SAML Response Decoder

Decode Base64-encoded SAML 2.0 responses to inspect assertions, attributes, conditions, and signature details

Paste the SAMLResponse value from your IdP POST (Base64) or the decoded SAML XML

What is the SAML Response Decoder?

The SAML Response Decoder is a client-side tool that decodes Base64-encoded SAML 2.0 responses and extracts key information including assertions, attributes, conditions, authentication statements, and digital signature details — all without transmitting your sensitive authentication data anywhere.

How to Use

  1. Open your browser's developer tools and navigate to the Network tab
  2. Trigger a SAML login flow and find the POST to your ACS URL
  3. Copy the SAMLResponse parameter value (Base64-encoded)
  4. Paste it into the input field and click "Decode"
  5. Review the extracted assertions, attributes, and conditions

Example: SAML Response Structure

A typical SAML response contains these key elements:

<samlp:Response ID="_abc123" IssueInstant="2024-01-15T10:30:00Z">
  <saml:Issuer>https://idp.example.com</saml:Issuer>
  <samlp:Status>
    <samlp:StatusCode Value="urn:oasis:names:tc:SAML:2.0:status:Success"/>
  </samlp:Status>
  <saml:Assertion>
    <saml:Subject>...</saml:Subject>
    <saml:Conditions>...</saml:Conditions>
    <saml:AttributeStatement>...</saml:AttributeStatement>
  </saml:Assertion>
</samlp:Response>

What Information Is Extracted?

  • Response metadata — ID, IssueInstant, Destination, Status code
  • Issuer — The Identity Provider that created the response
  • Subject — NameID, format, confirmation method and data
  • Conditions — Validity window (NotBefore/NotOnOrAfter), audience restrictions
  • AuthnStatement — Session details, authentication context class
  • Attributes — User attributes released by the IdP (email, name, groups)
  • Signature — Algorithm, digest method, reference URI, certificate presence

Common SAML Debugging Scenarios

  • Login failures — Check the Status code for error details
  • Missing user info — Verify attributes are present in the assertion
  • Expired assertions — Compare Conditions timestamps with current time
  • Wrong audience — Ensure AudienceRestriction matches your SP entity ID
  • Signature issues — Confirm signature algorithm and certificate presence

Privacy and Security

All decoding happens entirely in your browser using the native DOMParser API. Your SAML responses — which contain authentication assertions, personal identity attributes, and session information — are never transmitted to any server. No data is stored, logged, or shared.

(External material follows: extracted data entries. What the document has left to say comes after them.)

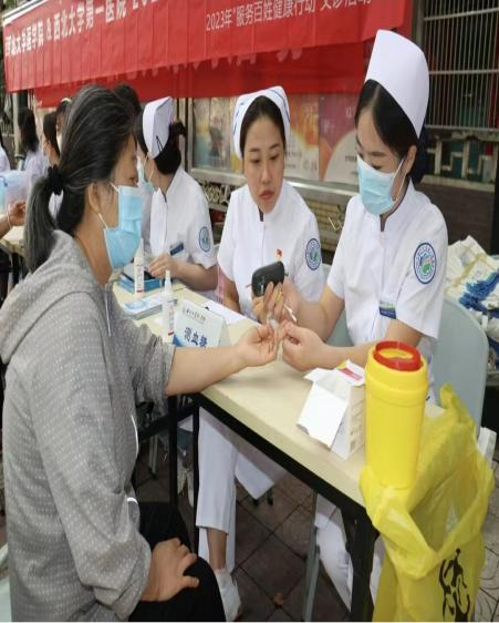 为深入贯彻落实党的二十大精神,坚持以人民为中心的发展思想,不断满足群众日益增长的医疗卫生需要,方便百姓在家门口享受到高质量医疗服务,在中秋国庆双节来临之际,YABO鸭脖官网团委联合YABO鸭脖官网第一医院在西大新村社区开展健康义诊活动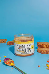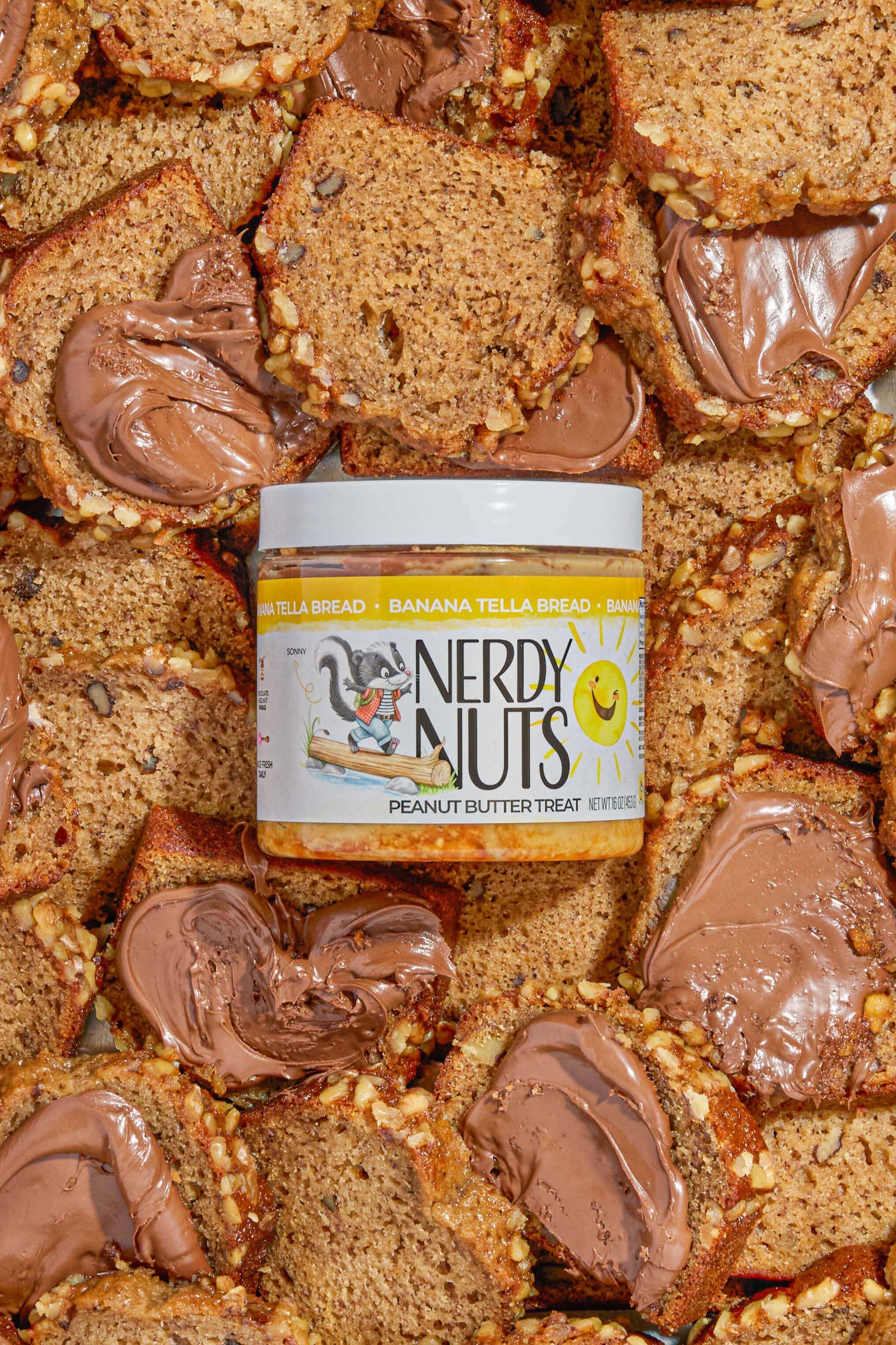 Banana bread peanut butter is layered on caramelized banana bread sauce, topped with chocolate hazelnut spread & PB candy!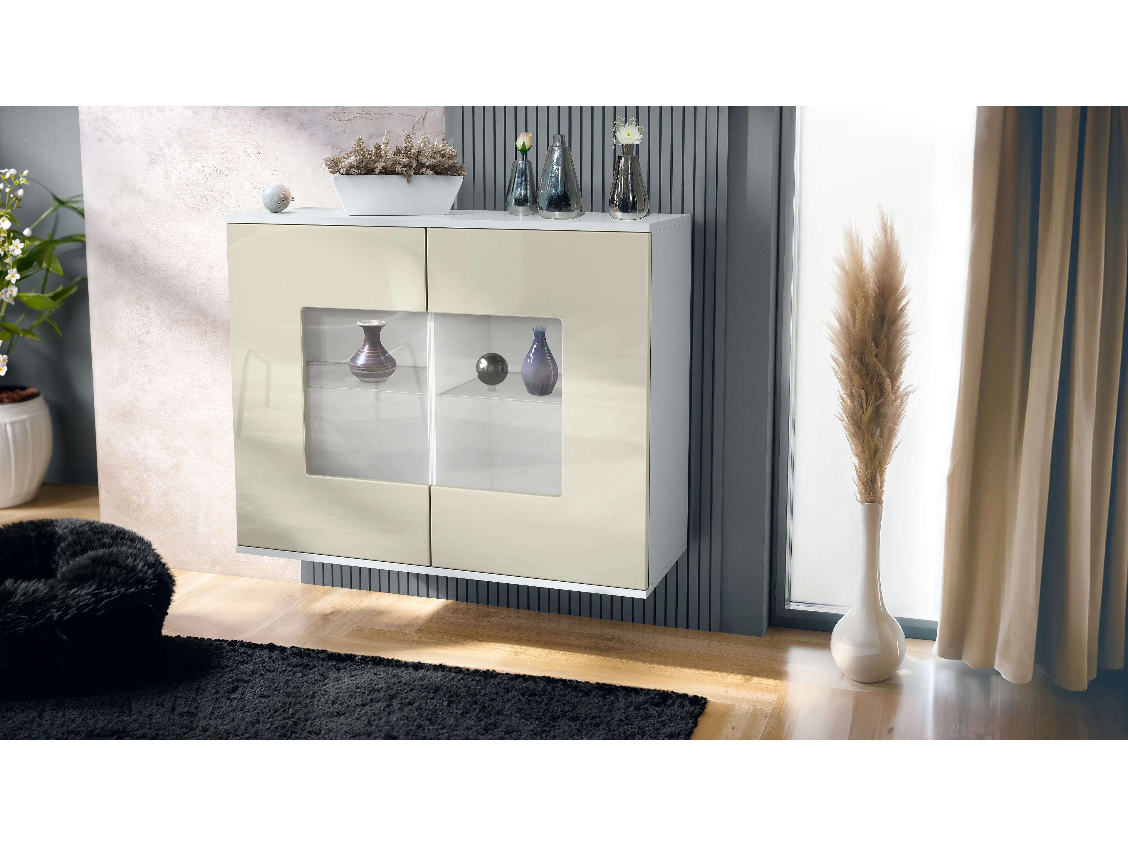 Commode Grömitz V3, Armoire de cuisine moderne avec 2 grandes portes vitrées blanc mat / crème haute brillance (92,5 x 73.5 x 35)
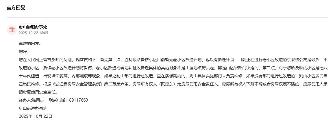 答:首先第一点,胜利东路香桥小区目前暂无老小区改造计划,也没有拆迁计划,目前正在进行老小区改造的东双桥公寓是最后一个改造的小区,后续老小区改造计划将暂停,老小区改造或者地块征收拆迁具体的实施对象不是由属地镇街决定,都是由区级部门决定的。第二点,对于您所反映的小区是七八十年代建造,出现墙面脱落、内部裂痕等现象,如果之前由部门进行过改造,且在质保期内的,则由具体实施部门来负责维修,如果没有部门进行过改造的,则由小区居民自己出资维修。根据《浙江省房屋安全管理条例》第二章第六条,房屋所有权人(既房东)为房屋使用安全责任人,房屋所有权人下落不明或者房屋权属不清的,房屋使用人承担房屋使用安全责任。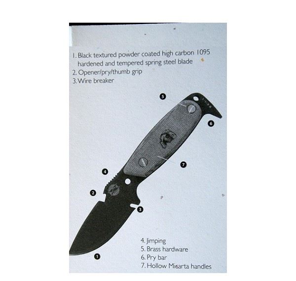 Ontario Kinfe Company“安大略刀具公司”位于美国纽约州的东南部的安大略省,是美国历史最悠久的刀厂之一,自于1889年成立至今已有122年的历史。见证了北美刀具的发展和演变。公司专业生产各类运动刀具,从军事、运动、渔猎以及厨刀和农具等等。种类丰富,品种繁多,还出口到全球28个国家。这其中还有一个重要的身份就是“美军采购供应商”,公司自20世纪50年代起就开始向美国政府和军队提供刀具。 Overall Length: 7.62" (全长19.3厘米) Blade Length: 3.25" Blade Thickness: 0.188" Blade Material: 1095 Tool Steel (Carbon) Blade Rockwell: 57-58HRC Handle Material: Green Canvas Micarta Weight: 5.00 oz. Sheath: Kydex Sheath Weight: 3.40 oz. Country of Origin: USA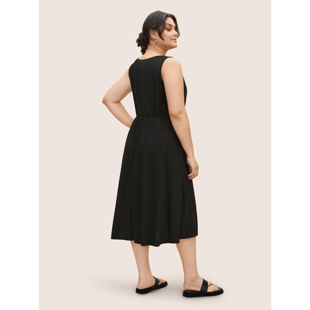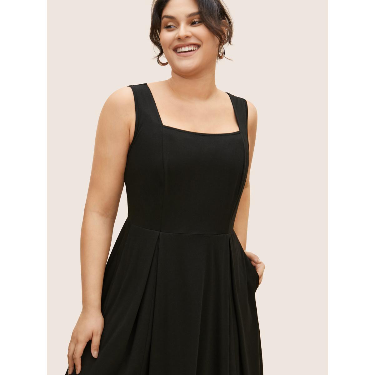 Plus Size Plain Pocket Drawstring Square Neck Tank Dress Black Women Casual Plain Square Neck Sleeveless Curvy Midi Dress BloomChic 22-24/3X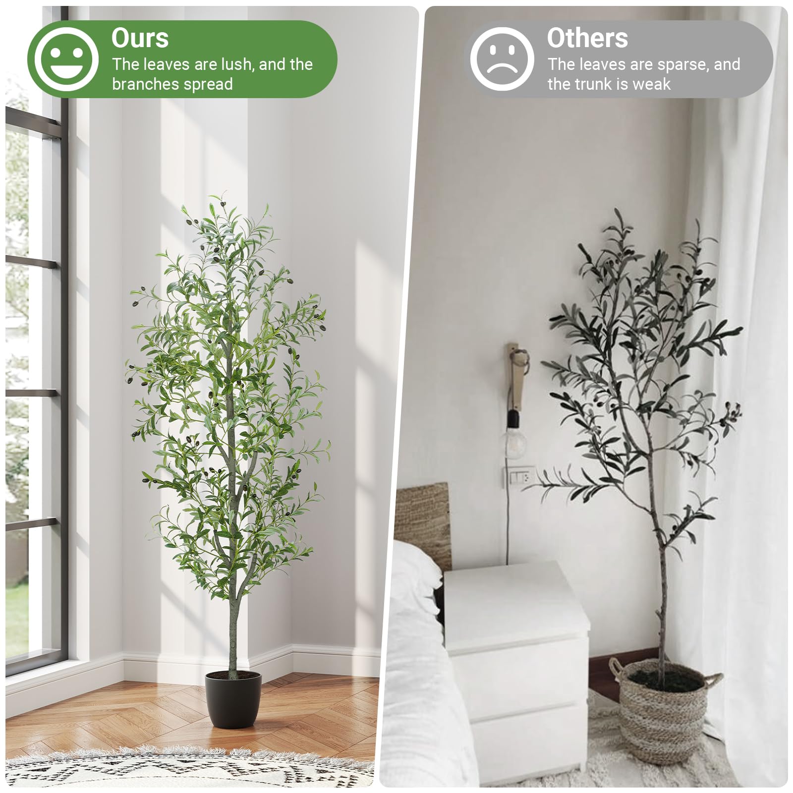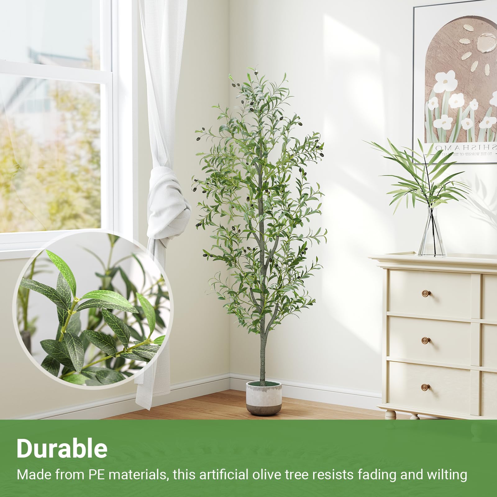 6 FT Faux Olive Tree Indoor, Tall Artificial Silk Olive Tree 6 FT, Large Indoor Fake Olive Trees with Realistic Leaves, Branches, Fruits, Faux Olive Trees Artificial Plants for Home (6 Feet)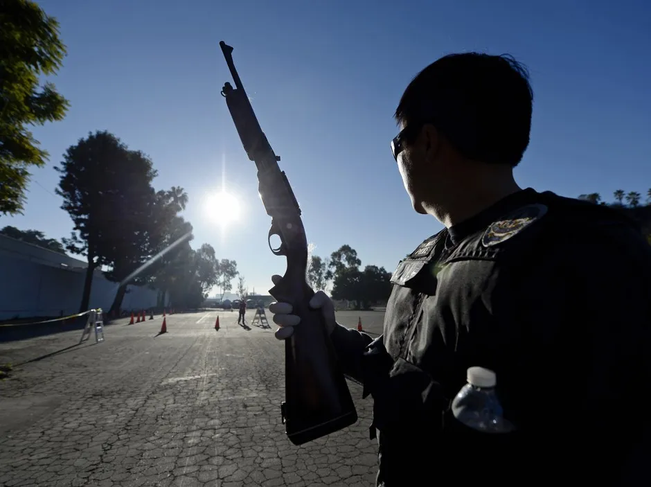 顶部图片:洛杉矶警察局的一名成员在枪支回购活动中检查枪支。路透社/凯沃克·詹塞齐安
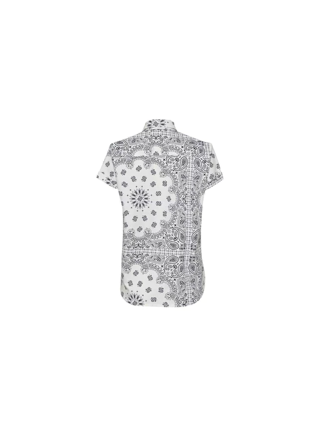 Camisa de manga curta com fechamento frontal feito por botões, a camisa é feita de tecido misto de linho e viscose, com estampa exclusiva bicolor ( 2 cores )de bandana.

Frequently Asked Questions

What does the SAML Response Decoder do?

It decodes Base64-encoded SAML 2.0 responses and extracts key elements: assertions, attributes, conditions (NotBefore/NotOnOrAfter), subject (NameID), authentication statements, and digital signature information. You can also paste raw SAML XML directly.

Is my SAML response sent to a server?

No. All decoding and parsing happens entirely in your browser using JavaScript and the browser-native DOMParser API. Your SAML response — which often contains authentication credentials and personal identity attributes — never leaves your device.

What input format does the tool accept?

The tool accepts both Base64-encoded SAML responses (as received from an Identity Provider via the SAMLResponse POST parameter) and raw SAML XML. It automatically detects the format and decodes accordingly.

What SAML elements are extracted?

The tool extracts: Response metadata (ID, IssueInstant, Destination, Status), Issuer, Assertions with their Subject (NameID, confirmation method), Conditions (validity window, audience restrictions), AuthnStatement (session details, authentication context), Attributes (name, values, format), and Signature details (algorithm, digest method, certificate presence).

How do I get the SAML response to decode?

Use your browser's developer tools: open the Network tab, trigger a SAML login, and look for a POST request to your Service Provider's ACS (Assertion Consumer Service) URL. The SAMLResponse parameter in the form data is the Base64-encoded value you can paste into this tool.

Can this tool validate SAML signatures?

No. This tool decodes and displays signature information (algorithm, digest method, reference URI, certificate presence) but does not perform cryptographic signature validation. Signature verification requires the Identity Provider's public key and should be done server-side in your application.

What is the difference between SAML and JWT?

SAML (Security Assertion Markup Language) uses XML and is typically used in enterprise Single Sign-On (SSO) flows between Identity Providers and Service Providers. JWT (JSON Web Token) uses JSON and is more common in API authentication. SAML responses are larger and more complex, but provide richer identity assertions.

Why does my SAML response have no attributes?

Attribute release depends on the Identity Provider configuration. The IdP must be configured to include specific attributes (email, name, groups, etc.) in the assertion. Check your IdP's attribute mapping or attribute release policies.

What is the maximum input size?

The tool warns when input exceeds 500KB and rejects input larger than 5MB. Most SAML responses are under 50KB. Extremely large responses may indicate excessive attribute release or embedded certificates.